By Orbex
US and Chinese officials are due to meet later this week for the next round of trade talks. There has been a great deal of speculation over recent weeks regarding the potential for a partial trade deal.
Reports began circling in the summer regarding the notion of an “interim” trade deal, as a stepping stone towards a fuller deal later on.
The interim deal is based around the scaling back of US tariffs on Chinese goods in exchange for China making concessions on agricultural purchases and intellectual property.
Commentary on the ongoing trade talks has been largely positive. Trump told reporters that a deal with China could come sooner than people think.
Speaking on Friday, Trump told reporters:
Free Reports:
“We’ve had good moments with China. We’ve had bad moments with China. Right now, we’re in a very important stage in terms of possibly making a deal. But what we’re doing is we’re negotiating a very tough deal. If the deal is not going to be 100% for us, then we’re not going to make it.”
However, over the weekend, the latest commentary from Chinese officials has not been as encouraging.
Reports highlight that Chinese officials have reduced the scope of the issues they are willing to negotiate.
According to reports, China is not willing to discuss commitments on industrial policy or government subsidies, both of which have been key issues for the US.
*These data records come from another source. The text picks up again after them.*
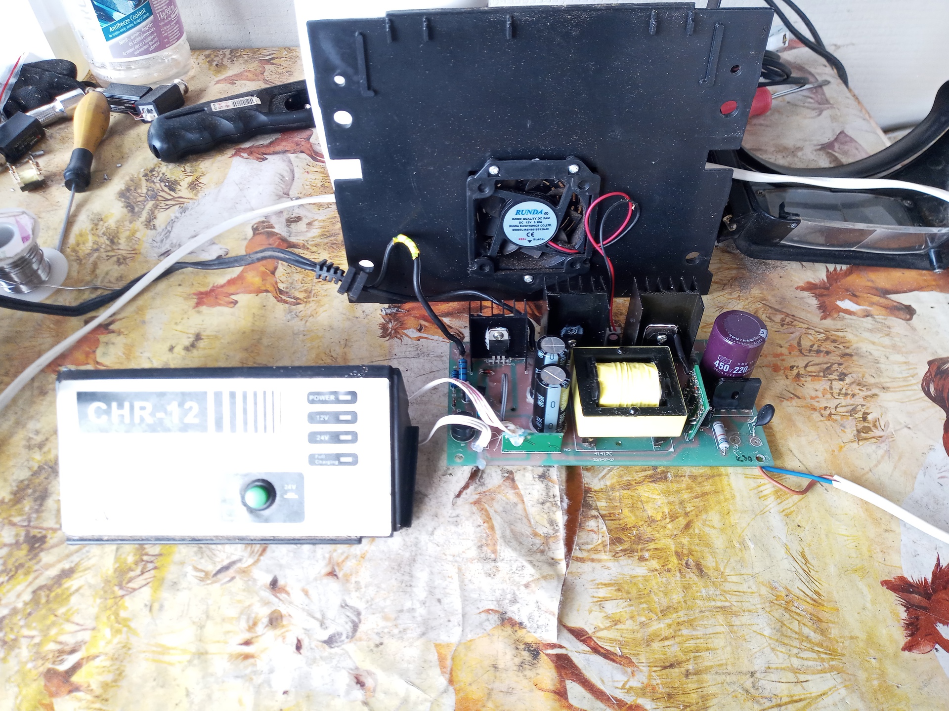 Ismeri valaki ezt a fajta töltőt,vagy javított már valaki ilyet? Elhozták hogy nézzem meg,mert nem működik. Ami azt jelentette,hogy áram alá téve tök kukaságot mutatott. A szekunder oldalon volt egy zárlatos kettős dióda, amit kicseréltem és elindult a töltő. 12 és 24 v között lehet választani, akkutól függően. Ha nincs rajta aksi, akkor a Full Charge lámpa zölden világít és a táp olyan cak-cak-cak féle hangot ad. Ha ráteszem akkura, akkor a Full Charge lámpa pirosra vált,a cak-cak hang eltűnik,elindul a hűtő ventilátor, majd ha az akku feltöltődött, akkor át vált(ana) zöldre. Na ez elmaradt, műszerrel mérve már 15,6v fölött járt a feszültség és az akkuból is hallottam hogy pezseg. Mi lehet még a gondja? Kínomban már az összes alkatrészt kiforrasztottam és megmértem, de nem találtam olyat ami hibás lenne. Esetleg valakinek valami ötlet?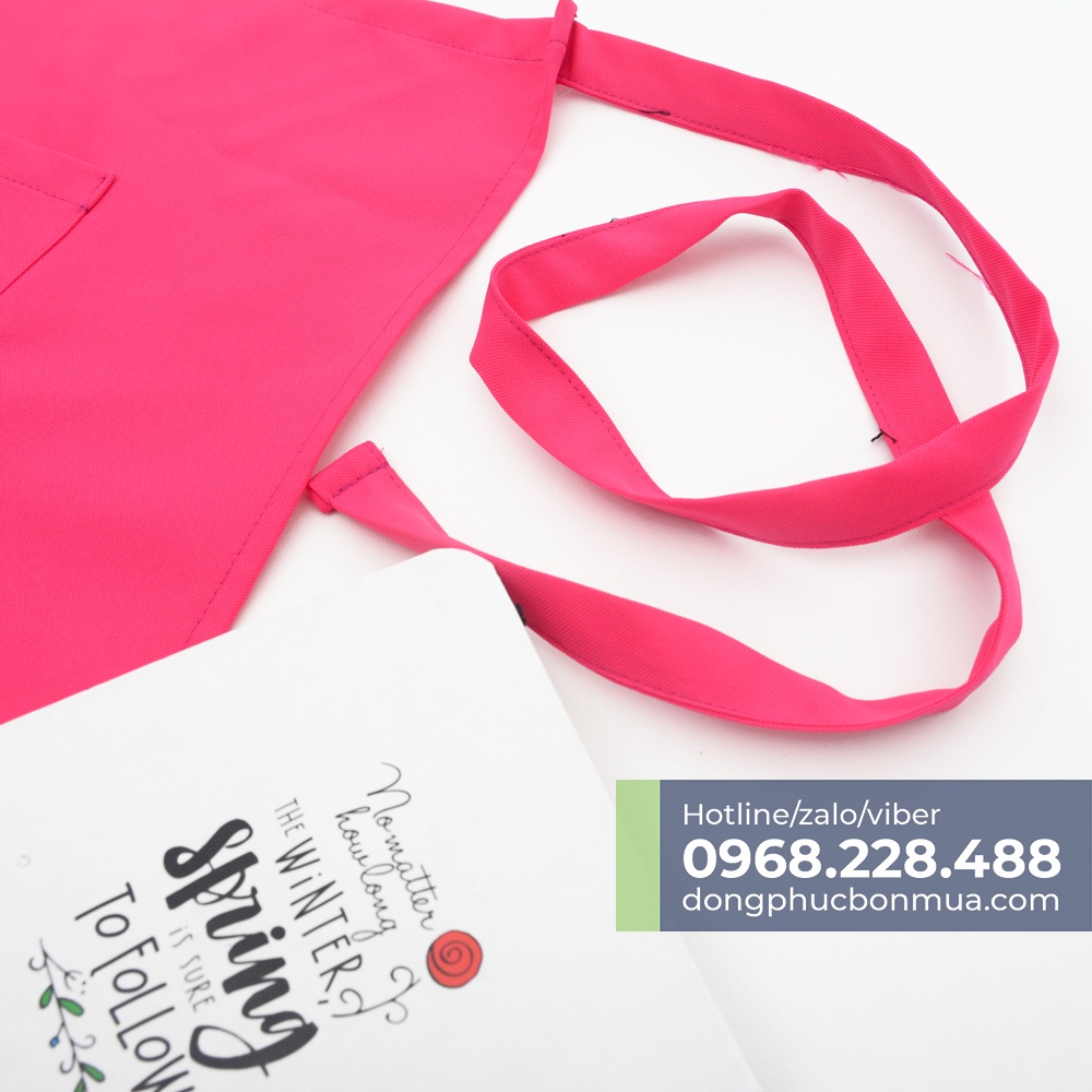 Tạp dề phục vụ màu hồng trẻ trung, dễ thương - Tạp dề ngắn, có túi trước rộng đựng đồ tiện dụng - Chất liệu vải bền đẹp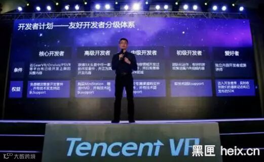 2016腾讯全球合作伙伴大会上,腾讯智能创新业务部负责人田刚透露,腾讯计划是在软件方面为VR开发者提供早期开发原型,即腾讯基础服务SDK和HMD SDK。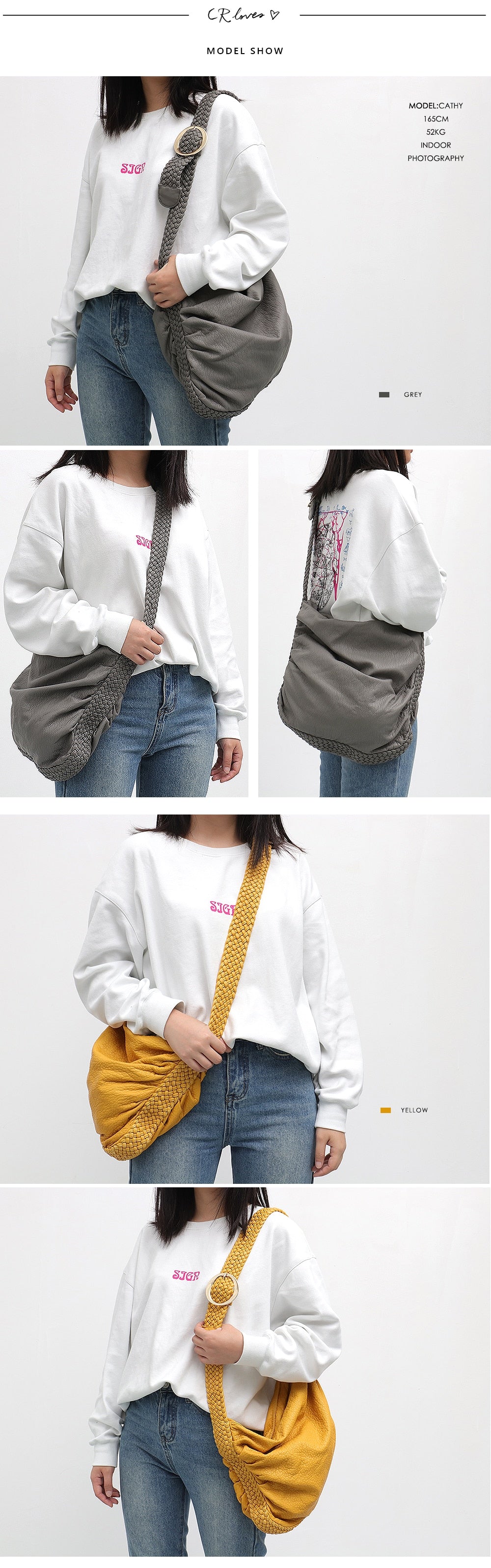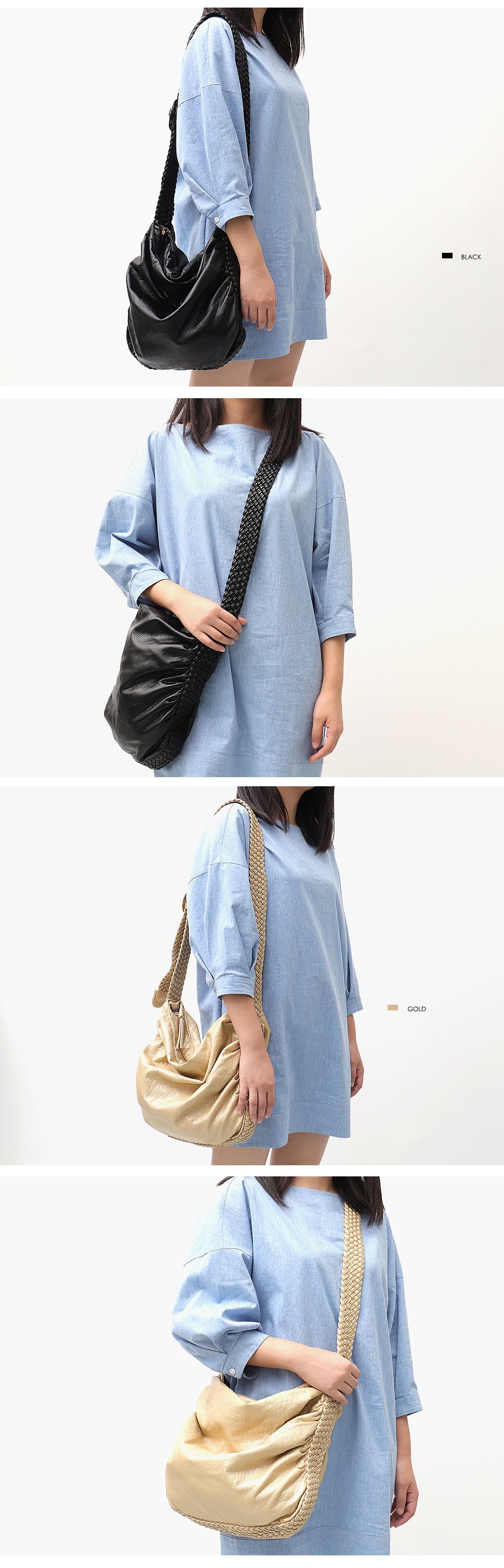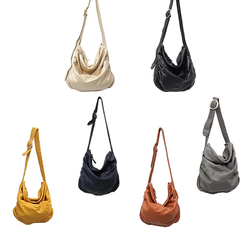 Available in a range of colors including Classic Black, Daffodil Yellow, Gold, Navy, Stone Grey, and Tan, you can choose the one that best suits your personal style. The bag features a soft, slouchy, and gathered (hobo – style) silhouette with a wide, open top for easy access. The braided strap has a gold or silver metal ring for length adjustment or decoration, and the top is closed with a zipper to ensure the security of your belongings.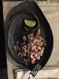 Після того, як кубики риби заморозилися, вони викладаються на холодну страву, змішуються з невеликою кількістю також нарізаної кубиками цибулі (кубики цибулі перед змішуванням розминаються руками, для того, щоб вони пустили сік), приправляються сіллю та чорним перцем, після чого кропляться невеликою кількістю рафінованої олії[5]. Перед подачею салат повинен настоятися 10-20 хвилин в холодильнику[6].

Uncertainty ahead of the trade talks is dampening risk sentiment for now.
If the two sides are unable to show any progress at the upcoming meetings this week, we could see a great period of risk aversion developing.
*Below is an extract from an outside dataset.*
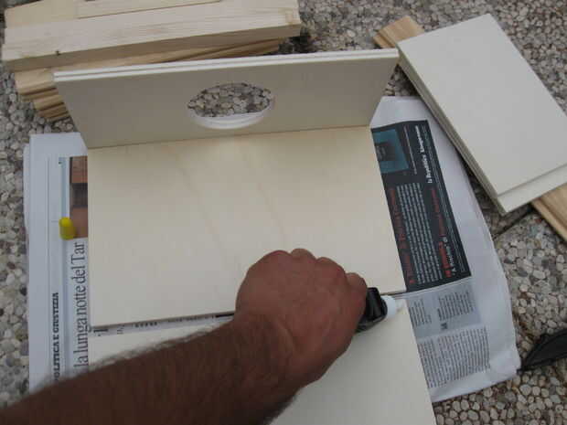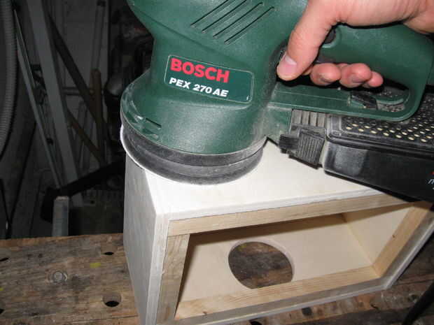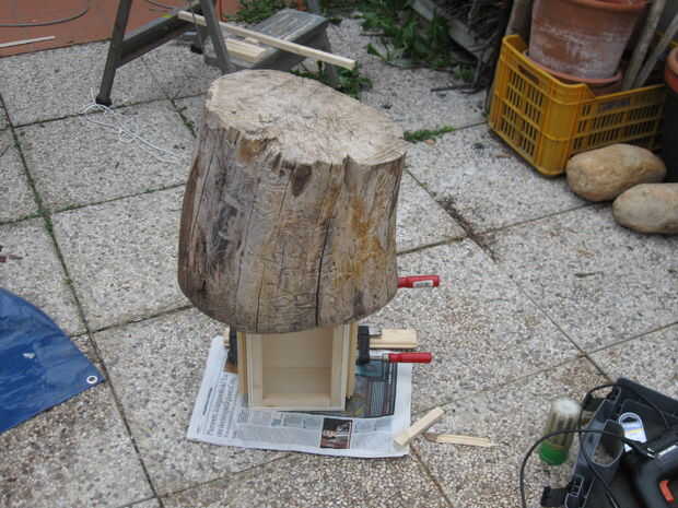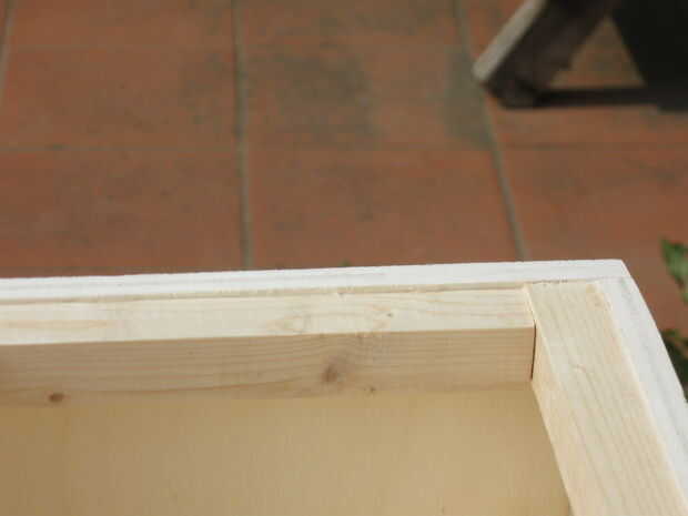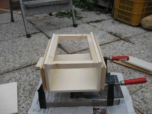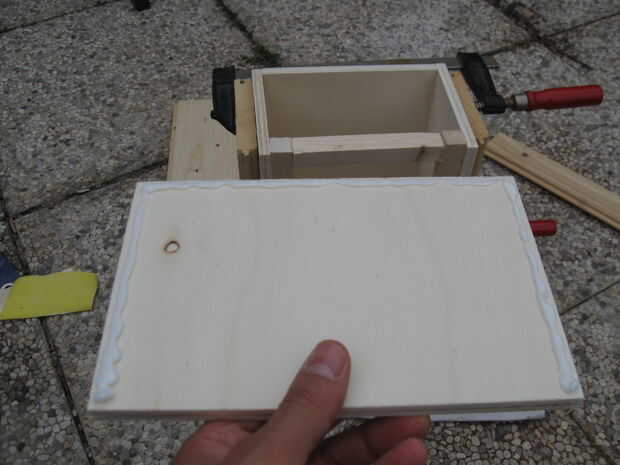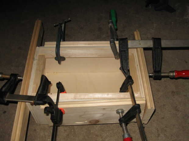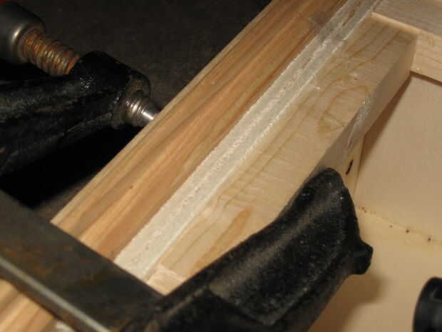 reuní la caja con pegamento y las abrazaderas durante el secado. Al pegar el marco interno de los 4 palos de pino es importante para asegurarse de que es no al ras con la parte superior de los laterales de la caja (ver foto), para 1) permitir suficiente espacio para la cadena de guitarra 2) permite la cara bofetada a vibrar más cuando se toca.

Recent data has shown the ongoing damage to the US economy from Trump’s trade war. US manufacturing hit ten-year lows over September while the NFPs showed the US economy adding just 136k jobs last month.
With the US economy having visibly slowed, the Fed is likely to ease further this year.
Although at the last meeting there was an increased number of policymakers opposed to a rate cut, conditions have weakened materially since then. The market pricing is now suggesting a rate cut by December, though October pricing is also rising now.
The trade talks have been the key issue this year, highlighted by a number of central banks, posing a threat to the global economy.
If the US and China are not able to deliver a positive result this week this will keep the pressure on the Fed, keeping the outlook bearish for USD.
The SPX500 has posted a solid recovery following last week’s losses with price bouncing off the 2878 support level to trade back above the 2932 level.
In line with the longer-term trend, focus remains on a further move higher. With the bullish trend line from summer lows still intact, the resistance level at 3021.26 should be tested again in the coming sessions especially if we see positive news from US-China trade talks.